Ken Tapping is an astronomer with the National Research Council's Dominion Radio Astrophysical Observatory in Penticton. This column ordinarily runs in The Penticton Herald on Fridays.

It might be surprising that white dwarf stars, the relics of stars like our sun that have run out of fuel, are useful cosmic stopwatches.

The resulting objects are about the size of the Earth, but still with almost the mass of the star. They are white hot, around 10,000 degrees Celsius, which is why these stars are known as white dwarfs.

With no source of energy, their fate is to radiate away all their heat, ending up as cold, dark cinders. However, this takes an extremely long time.

Assuming a white dwarf started off with a temperature of around 10,000 C, we can measure what that temperature has fallen to by now and calculate how long ago that star became a white dwarf.

This means we can estimate the ages of things containing white dwarf stars. For example, the Hubble Space Telescope (HST) has detected many white dwarf stars in the central regions of our galaxy. These stars are around 13 billion years old, confirming other estimates of the age of the Milky Way: 13.6 billion years.

A lot of astronomical attention is being paid to a pair of recently discovered white dwarf stars, poetically named WD J2147-4035 and WD J1922+0233, which have cooled to about 3000 C and 3300 C respectively.

From that we estimate that the first of those stars became a white dwarf around 10 billion years ago and the second roughly 9 billion years ago. If the stars that became these white dwarfs were like the sun, then those stars would have formed a few billion years earlier, which brings them fairly close to the beginning of the universe. This is particularly intriguing because it looks as though these stars had planets, because the light from those white dwarfs carries the signatures of elements such as potassium, calcium and lithium.

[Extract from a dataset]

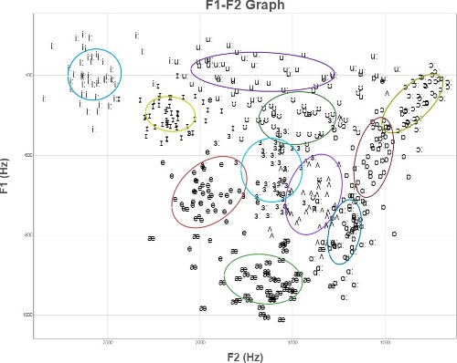 Here's a schematic representation of English vowels (from Wikipedia). From this, you might reasonable expect to experimental data to look like several tight clusters of points, well-separated. If that were true, then classification would be easy: model each cluster with a regeion of simple shape (e.g. ellipse), compare a new sample to these region, and pick the one that contains it.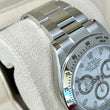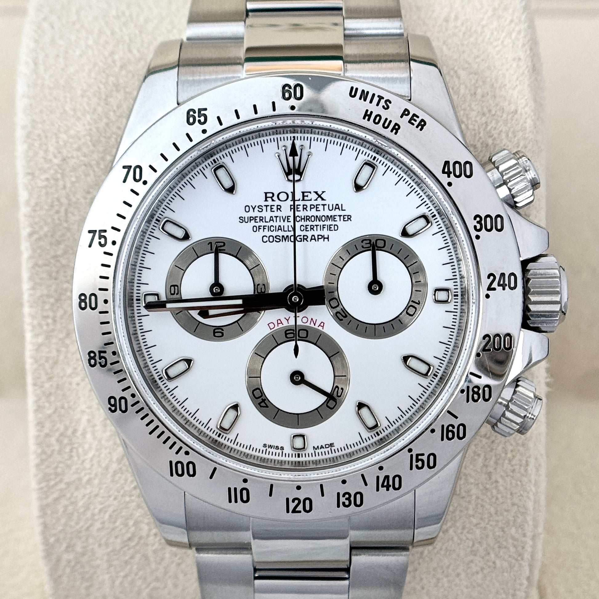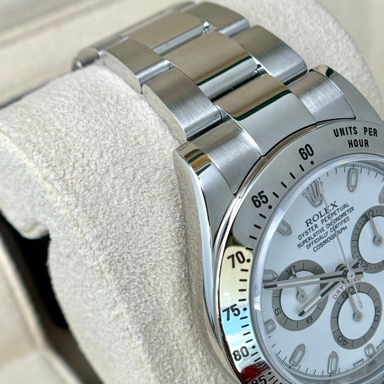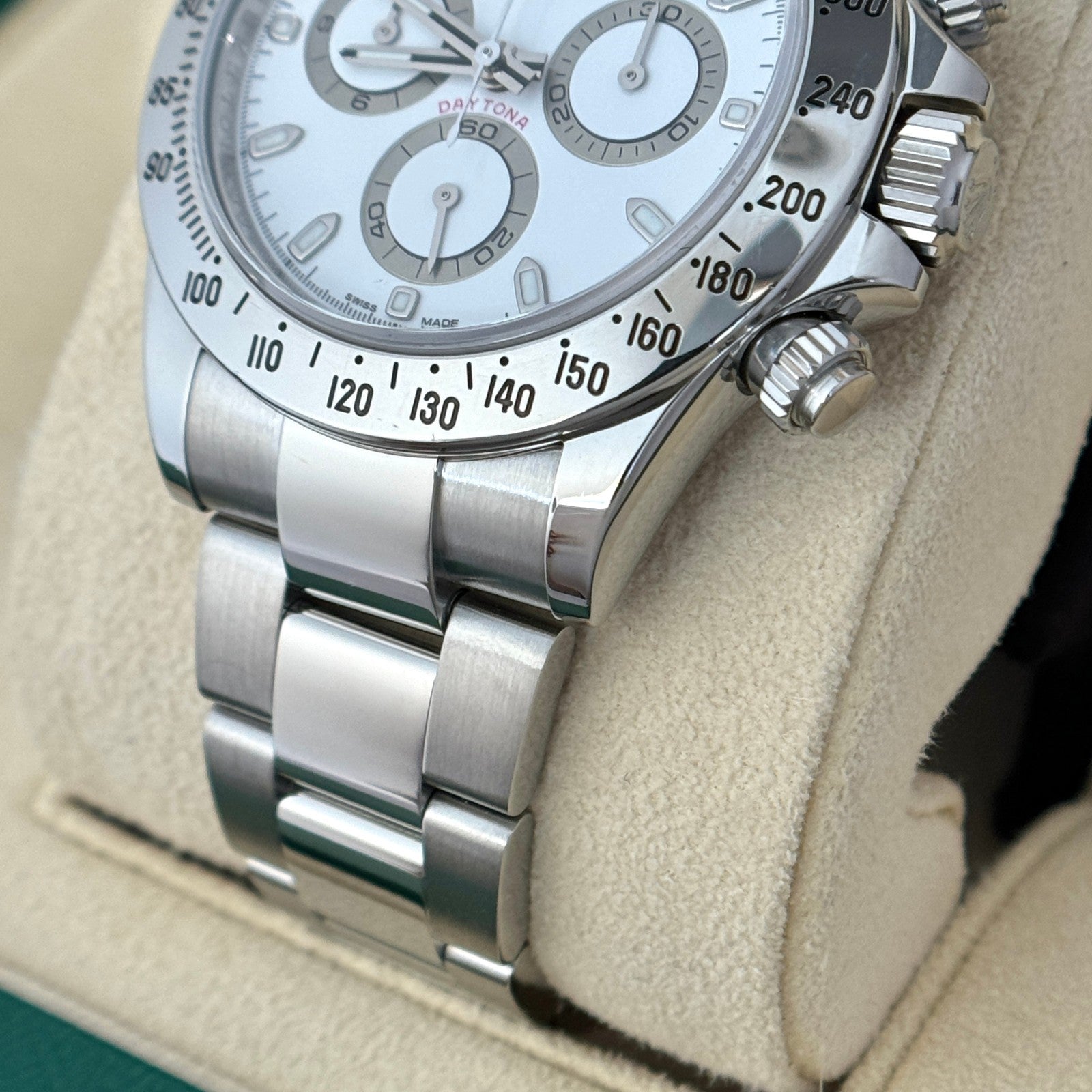 The 40mm case is crafted in 904L stainless steel with a polished finish on the lugs and sides. The white glossy dial is known as an APH dial due to the unique spacing in the word Cosmograph, a distinguishing feature sought after by collectors. The tachymeter bezel is engraved with units per hour for calculating average speed over distance. The case back is solid steel and secured by a screw-down mechanism.

The only way they could have collected them is through the debris of destroyed planets falling onto their surfaces.

The evidence is subtle, but detecting it was made easier because unlike those white dwarfs the HST observed around the centre of our galaxy, some 26,000 light years away, this pair of stars lie close by, around 100 light years away.

This means their light is strong enough for subtle indications of elements to be detected, with no confusion with the light from other stars nearby.

Galaxies form through the coalescence of smaller galaxies. During that process collisions between gas clouds stimulate the formation of lots of stars. Some of those stars would have had masses many times that of the sun, and would have blown themselves up within a few million years.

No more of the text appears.